3. 凝翠阁、泛碧斋:均为江南某处园林中的楼阁名,具体地点已不可考;“凝翠”“泛碧”皆取山水青碧之意,富于画意与禅意。
4. 法界:佛教术语,指一切现象(事法)与真理(理法)所依存之世界总相,华严宗尤重“一真法界”,强调万法唯心所现。
5. 胜游:美景良辰中的游赏,特指高雅脱俗之行旅。
6. 去国:离开京城(汴京或临安),指李纲屡遭贬谪,长期外放,如建炎年间罢相后谪居海南、鄂州等地。

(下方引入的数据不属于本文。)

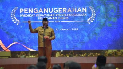 Pj. Gubernur Aceh, Dr. H. Safrizal ZA, M.Si, saat memberikan sambutan pada acara Penganugerahan Predikat…

7. 亲仁:语出《论语·学而》“亲仁”,意为亲近有仁德之人,是儒家修身要务。
8. 舟楫:此处非实指行船,而为泛指游宴所乘之轻舟或临水之舫,亦含“行于道”之隐喻。
9. 白玉盘:化用李白《古朗月行》“小时不识月,呼作白玉盘”,以喻皓月之皎洁浑圆,然李纲用之更显庄静雍容,去其童趣而增哲思。
10. 李纲(1083–1140):字伯纪,邵武(今福建邵武)人,北宋末南宋初著名政治家、抗金名臣,官至尚书右仆射兼中书侍郎(宰相)。力主抗金,反对南逃,后屡遭排挤贬谪。诗风刚健沉郁而兼理致清微,有《梁溪集》传世。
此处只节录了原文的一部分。